Die Räuber - Streben nach Emanzipation und Revolution


Seminararbeit, 2005

17 Seiten, Note: 1,3


Leseprobe


Inhaltsverzeichnis

1. Einleitung: Die Räuber – Ein Drama im Zeichen der Revolution?

2. Franz Moor – Rebell gegen die theologische Ordnung
2.1. Der Materialismus als philosophische Grundlage
2.2. Negation der Liebe und des Lebens als Wert an sich
2.3. Negation von Gott und Gewissen
2.4. Die Inversion der Aufklärung

3. Karl Moor – Rebell gegen die politische Ordnung
3.1. Der geniale Tat- und Kraftmensch
3.2. Karls Gesellschaftskritik und die Verselbstständigung der Gewalt

4. Das Scheitern beider Revolutionäre
4.1. Die Wiederkehr des Geleugneten
4.2. Die Anerkennung der sittlichen Weltordnung

5. Fazit: Die Grenzen der Emanzipation

6. Literaturverzeichnis

1. Einleitung: Die Räuber – Ein Drama im Zeichen der Revolution?

Glaubt man den Ausführungen eines Augenzeugen, so müssen sich bei der Uraufführung von Schillers Werk „Die Räuber“ am 13. Januar 1783 auf der Bühne in Mannheim, wahrhaft dramatische Szenen in den Zuschauerrängen abgespielt haben:

„Rollende Augen, geballte Fäuste, fremde Menschen fielen einander schluchzend in die Arme (…). Es war eine allgemeine Auflösung wie im Chaos, aus dessen Nebeln eine neue Welt hervorbricht.“[1]

Schon hier wird deutlich welch euphorische Wirkung die pathetische und affektgeladene Sprache, aber auch die revolutionäre Intention des Stückes auf das Publikum ausgeübt haben mussten. Emanzipation des Individuums und Revolution gegen die ungerechte staatliche Ordnung waren die Schlagworte, welche die Zuschauer aufrüttelten und bewegten.

So ist es nicht verwunderlich, dass in zahlreichen frühen Interpretationen die Revolutionsthematik ganz im Vordergrund der Analyse des Werkes stand. „Die Räuber“ wurde als ein großes Freiheitsdrama wahrgenommen und Karl Moor als Verfechter einer neuen, republikanischen Ordnung. Ein Beispiel hierfür sind die französischen Revolutionäre, die 1792 dem Verfasser der Räuber das „Revolutionspatent“ ausstellten und ihm schließlich das Diplom eines „citoyen francais“ verliehen.[2] Freilich müssen um zu solch einer pauschalen Deutung zu gelangen, viele Widersprüche des Dramas und besonders der „störende“ Schluss außer Acht gelassen werden.[3] Für eine vollständige Interpretation sind aber gerade diese Punkte von eminenter Bedeutung. So stellt Dietrich Steinbach fest, dass „Die Räuber“ „wie kein anderes Werk Schillers ein Drama der grellen Gegensätze (…) [sei]“[4], während Scherpe anmerkt die „Räuber“ seien ein „aufs Revolutionäre zielende Stück, das in sich doch die Möglichkeiten der Revolution energisch bestreitet.“[5]

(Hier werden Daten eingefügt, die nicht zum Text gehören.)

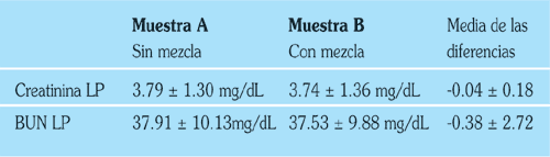 en lo últimos 3 meses. A los enfermos se les instruía para la obtención de dos muestras del efluente peritoneal. Una primera muestra del contenido de la garrafa antes (Muestra A: sin mezcla) y después de agitar bien (Muestra B: con mezcla) todo el contenido con cualquier utensilio alargado. El cálculo del volumen del efluente se obtuvo mediante la suma del volumen infundido, el drenaje inicial, la ultrafiltración total nocturna, las ultrafiltraciones diurnas y el volumen de cebado y de vaciado de bolsas a la garrafa que no pasaban por el peritoneo. Las muestras de sangre se han obtenido siempre entre 1-2 horas después de finalizar el tratamiento con la cicladora. Las determinaciones de urea y creatinina se realizaron en un autoanalizador mediante las técnicas de ureasa ultravioleta y de jaffé cinético, respectivamente. Se calculó el KT/V y el CLCr/1.73 m2 semanal peritoneal y total (incluyendo la función renal residual), utilizando el paquete estadístico de PD-ADEQUEST® 2.0. Se transformó la urea en nitrógeno ureico en sangre (BUN). Los cálculos se han realizado utilizando el paquete estadístico SPSS para Windows versión 11.5. Se han expresando los resultados como media y desviación estándar y se ha realizado una estadística básica descriptiva, analizando las diferencias de cada dato apareado. RESULTADOS Se han realizado un total de 25 estudios en 13 pacientes, 8 varones, con una edad media de 46.58 años, desde 21 a 75 años, y un tiempo medio de permanencia en DP de 26.62 meses, desde 6 a 72 meses. De los 13 enfermos, 4 realizaban DPA con día seco y otros 4 enfermos realizaban 1 o 2 intercambios diurnos. Seis enfermos no tenían función renal residual. Tres enfermos en DPA no se incluyeron en el estudio por problemas de inestabilidad clínica. En la tabla 1 se expresan los resultados de urea y creatinina en las muestras A y B, antes y después de agitar el contenido de la garrafa del efluente peritoneal. En 15 casos la creatinina fue igual, en 7 casos fue inferior y en 3 superior antes que después de remover. Para la urea encontramos que en 6 casos no se modificó, en 5 casos fue superior y en 14 inferior antes de remover.

Hiermit ist das Ziel dieser Arbeit definiert. In dem Spannungsfeld zwischen revolutionärer Zielsetzung und deren Verweigerung soll eine umfassende Deutung des Motivs des Strebens nach Revolution und Emanzipation erfolgen. Hierzu werden die beiden Hauptfiguren und „Revolutionäre“ des Stückes, Franz und Karl Moor, einer Analyse unterzogen, die sowohl philosophische und politische Aspekte einbezieht. Im ersten Punkt wird ausgehend von einer kurzen Definition des Materialismus[6], Franz Moors „Philosophie der Verzweiflung“[7] und die daraus resultierenden Emanzipationsbestrebungen näher erläutert. Der zweite Punkt beschäftigt sich anschließend mit Karl Moors idealistischer Weltsicht und dem Aufbegehren gegen die gesellschaftliche Ordnung. Ein abschließender Vergleich zeigt die Gründe für das letztendliche Scheitern beider „Rebellen“ auf und stellt kurze Thesen zur Gesamtbetrachtung des Stückes dar.

2. Franz Moor – Rebell gegen die theologische Ordnung

2.1 Der Materialismus als philosophische Grundlage

Um Franz Moors Wirken und Zielsetzungen genauer zu analysieren, ist es zunächst notwenig einen Blick auf die philosophischen Grundlagen dieses Charakters zu werfen, da Franz’ Denken und Handeln tief im Materialismus verwurzelt ist. Nicht umsonst wurde er bereits als „Philosoph unter den Theaterschurken“[8] bezeichnet, der dem Leser aufgrund seines Verstandes trotz aller Abneigung eine gewisse Bewunderung abtrotzt.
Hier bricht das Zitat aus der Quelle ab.